Through the ectopic expression of four transcription factors, Oct4, Klf4, Sox2 and cMyc, human somatic cells can be converted to a pluripotent state, generating so-called induced pluripotent stem cells (iPSCs)1-4. Patient-specific iPSCs lack the ethical concerns that surround embryonic stem cells (ESCs) and would bypass possible immune rejection. Thus, iPSCs have attracted considerable attention for disease modeling studies, the screening of pharmacological compounds, and regenerative therapies5.
We have shown the generation of transgene-free human iPSCs from patients with different lung diseases using a single excisable polycistronic lentiviral Stem Cell Cassette (STEMCCA) encoding the Yamanaka factors6. These iPSC lines were generated from skin fibroblasts, the most common cell type used for reprogramming. Normally, obtaining fibroblasts requires a skin punch biopsy followed by expansion of the cells in culture for a few passages. Importantly, a number of groups have reported the reprogramming of human peripheral blood cells into iPSCs7-9. In one study, a Tet inducible version of the STEMCCA vector was employed9, which required the blood cells to be simultaneously infected with a constitutively active lentivirus encoding the reverse tetracycline transactivator. In contrast to fibroblasts, peripheral blood cells can be collected via minimally invasive procedures, greatly reducing the discomfort and distress of the patient. A simple and effective protocol for reprogramming blood cells using a constitutive single excisable vector may accelerate the application of iPSC technology by making it accessible to a broader research community. Furthermore, reprogramming of peripheral blood cells allows for the generation of iPSCs from individuals in which skin biopsies should be avoided (i.e. aberrant scarring) or due to pre-existing disease conditions preventing access to punch biopsies.
Here we demonstrate a protocol for the generation of human iPSCs from peripheral blood mononuclear cells (PBMCs) using a single floxed-excisable lentiviral vector constitutively expressing the 4 factors. Freshly collected or thawed PBMCs are expanded for 9 days as described10,11 in medium containing ascorbic acid, SCF, IGF-1, IL-3 and EPO before being transduced with the STEMCCA lentivirus. Cells are then plated onto MEFs and ESC-like colonies can be visualized two weeks after infection. Finally, selected clones are expanded and tested for the expression of the pluripotency markers SSEA-4, Tra-1-60 and Tra-1-81. This protocol is simple, robust and highly consistent, providing a reliable methodology for the generation of human iPSCs from readily accessible 4 ml of blood.

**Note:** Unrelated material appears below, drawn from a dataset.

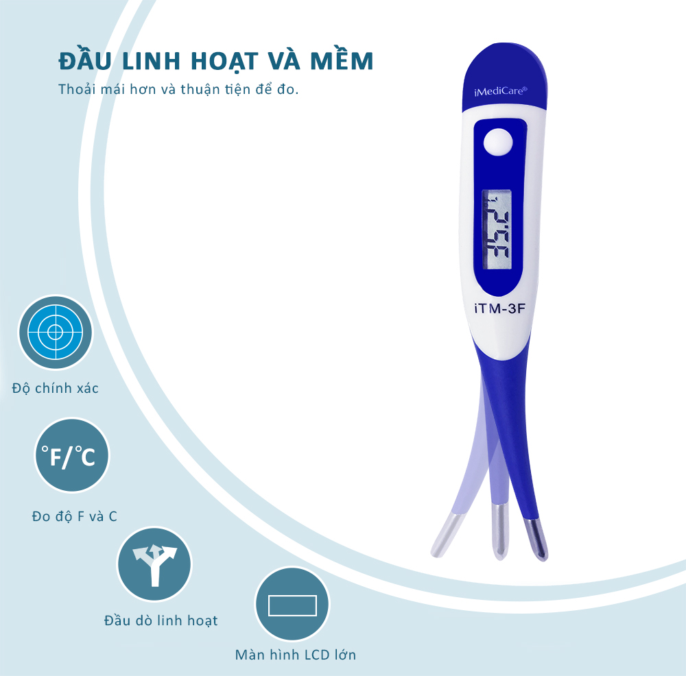 Sản phẩm Nhiệt kế điện tử đầu mềm iMediCare iTM-3F là được sản xuất bằng công nghệ tiên tiến theo tiêu chuẩn Châu Âu. Đây là dòng nhiệt kế đầu đo mềm, dễ sử dụng, tốc độ đo siêu nhanh với độ chính xác cao, giá thành rẻ.

1. Isolation and Expansion of Peripheral Blood Mononuclear Cells (PBMCs)
DAY 0
DAY 3 and DAY 6
2. Transduction of PBMCs with STEMCCA Lentivirus
DAY 9
DAY 10
3. Plating Transduced Cells onto MEFs
DAY 11
DAY 12
DAY 14
~ DAY 20
4. Picking and Expansion of iPSC Clones
~ DAY 30 – 40
5. Immunofluorescence Staining for Pluripotency Markers
6. Excision of Integrated STEMCCA Vector
We demonstrate a simple and effective protocol for the generation of human iPSCs from PBMCs using a single lentiviral vector. Figure 1A shows a schematic representation of the protocol. The blood is collected into a BD Vacutainer CPT Cell Preparation Tube with sodium citrate, and after centrifugation, mononuclear cells can be collected from the interface between the polyester gel and the plasma (buffy coat) (Figure 1B). The isolated PBMCs are then expanded in culture for 9 days. Figure 2 compares PBMCs at day 0 and day 9, showing that the cells are noticeably dividing. Approximately 10-15 days post-transduction with the STEMCCA lentivirus, appearance of small bright colonies are observed, with still undefined colony morphology. Following the addition of hESC medium, hESC-like colonies can be easily identified (Figure 2D). Some of these colonies are mechanically picked, expanded and characterized for the expression of pluripotency markers such as SSEA-4, Tra-1-60 and Tra-1-81 (Figure 3). Using a brief Puromycin selection approach6, we are able to consistently obtain transgene-free iPSC clones as depicted in Figure 4.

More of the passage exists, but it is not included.